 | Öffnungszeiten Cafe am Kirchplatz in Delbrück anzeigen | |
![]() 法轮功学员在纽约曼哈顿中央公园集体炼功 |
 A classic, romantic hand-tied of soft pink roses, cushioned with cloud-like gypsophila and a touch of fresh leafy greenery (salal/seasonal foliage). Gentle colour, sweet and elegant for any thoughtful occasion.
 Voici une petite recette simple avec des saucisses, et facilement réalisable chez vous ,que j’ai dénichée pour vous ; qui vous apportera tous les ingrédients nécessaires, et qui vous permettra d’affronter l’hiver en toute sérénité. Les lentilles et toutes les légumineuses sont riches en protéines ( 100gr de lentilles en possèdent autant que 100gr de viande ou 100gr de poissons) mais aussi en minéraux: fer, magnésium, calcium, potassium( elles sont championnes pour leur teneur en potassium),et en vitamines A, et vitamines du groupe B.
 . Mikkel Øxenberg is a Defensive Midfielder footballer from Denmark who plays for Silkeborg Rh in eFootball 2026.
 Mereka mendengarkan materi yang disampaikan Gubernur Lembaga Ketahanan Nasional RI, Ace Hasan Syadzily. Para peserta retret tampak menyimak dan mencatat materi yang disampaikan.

---

■ **What you are asked to do**
Without altering a single word, reproduce the entries above.

■ **Response area**
 | Öffnungszeiten Cafe am Kirchplatz in Delbrück anzeigen | |
![]() 法轮功学员在纽约曼哈顿中央公园集体炼功 |
 A classic, romantic hand-tied of soft pink roses, cushioned with cloud-like gypsophila and a touch of fresh leafy greenery (salal/seasonal foliage). Gentle colour, sweet and elegant for any thoughtful occasion.
 Voici une petite recette simple avec des saucisses, et facilement réalisable chez vous ,que j’ai dénichée pour vous ; qui vous apportera tous les ingrédients nécessaires, et qui vous permettra d’affronter l’hiver en toute sérénité. Les lentilles et toutes les légumineuses sont riches en protéines ( 100gr de lentilles en possèdent autant que 100gr de viande ou 100gr de poissons) mais aussi en minéraux: fer, magnésium, calcium, potassium( elles sont championnes pour leur teneur en potassium),et en vitamines A, et vitamines du groupe B.
 . Mikkel Øxenberg is a Defensive Midfielder footballer from Denmark who plays for Silkeborg Rh in eFootball 2026.
 Mereka mendengarkan materi yang disampaikan Gubernur Lembaga Ketahanan Nasional RI, Ace Hasan Syadzily. Para peserta retret tampak menyimak dan mencatat materi yang disampaikan.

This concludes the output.